Bacteria in dog saliva causes Wisconsin man to lose both legs

Henrietta Brewer
August 2, 2018

Later, doctors had to amputate through to the kneecaps.

She said life as they knew it changed forever after blood tests revealed an infection caused by the bacteria Capnocytophaga.

His wife, Dawn Manteufel spoke with Fox 6 about his symptoms, stating that the disease hit him with vengeance, bruising him all over. After his wife rushed him to the hospital, she noticed his body was covered in bruises, as if he'd been beaten with a baseball bat, the Washington Post reported.

A bacteria called Capnocytophaga canimorsus attacked Greg Manteufel quickly and aggressively. A report in the journal BMJ Case Reports in 2016 said these infections were an important cause of sepsis in the elderly, and described them as the "lick of death". Up to 74 percent of dogs have the bacteria and 57 percent of cats have it.

Approximately 30% of people who do get infected die, which is why it's essential to see a doctor if you are bitten by an animal. Severe infections can be fatal within 72 hours after symptoms appear. They can range from flu-like symptoms to sepsis. Antibiotics are needed to treat a Capnocytophaga infection and should be started as soon as possible to prevent further complications.

Long-term effects can include amputation, heart attack, and kidney failure.

The faster the infection is diagnosed the better the chance of survival.

In a review of more than 450 patient cases, just 27 percent had contracted the bacteria from scratches, licking, or unspecified contact with dogs or cats. Surgery is scheduled to remove a portion of both hands as the damage from the sepsis is to extensive. He had just undergone a surgery to remove dead tissue and muscle from what is left of his lower extremities. Among the operations he will need is plastic surgery to rebuild a healthy nose.

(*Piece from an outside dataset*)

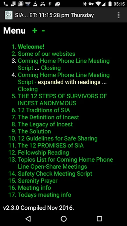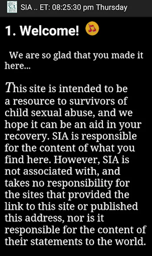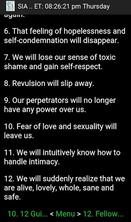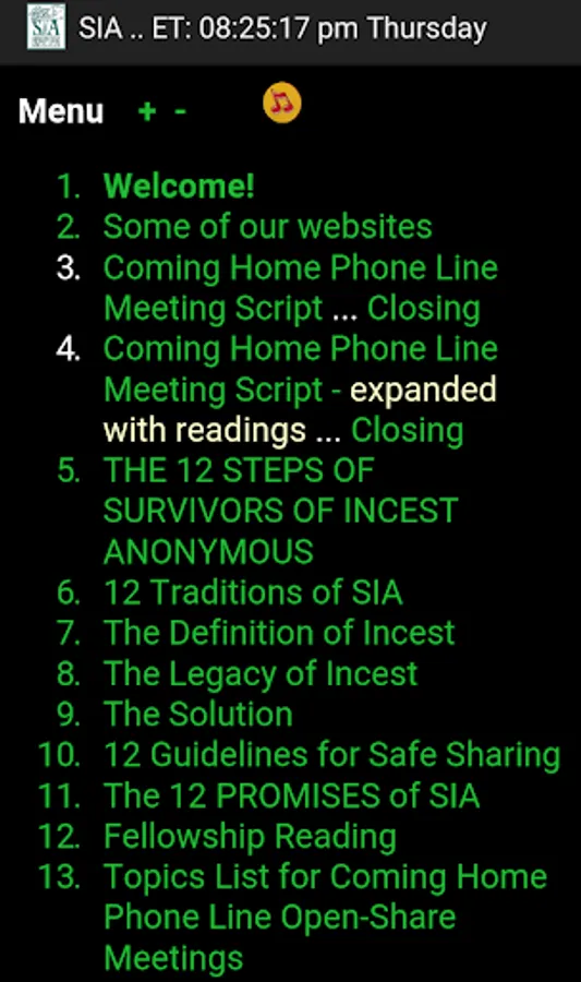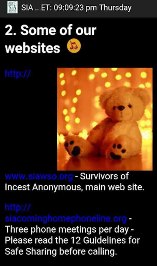 meetings and workshops for survivors of incest and childhood sexual abuse.

"I would stress that such reactions are very, very rare, and shouldn't prevent us from having close contact with pets", Ho said in a piece for The Conversation. "He's 48 years old and been around dogs all of his life, and this happens", Dawn said. has reached out to the family for comment but has not received a reply.

Dr. Silvia Munoz-Price, an infectious disease specialist with Froedtert and the Medical College of Wisconsin, told the station: "This type of bacteria comes from the saliva of dogs".

The family has since set up a GoFundMe to raise money for the operations and rehabilitation that Manteufel will need, and it's already raised over $10,000.

"More than 99 percent of the people that have dogs will never have this issue", she said.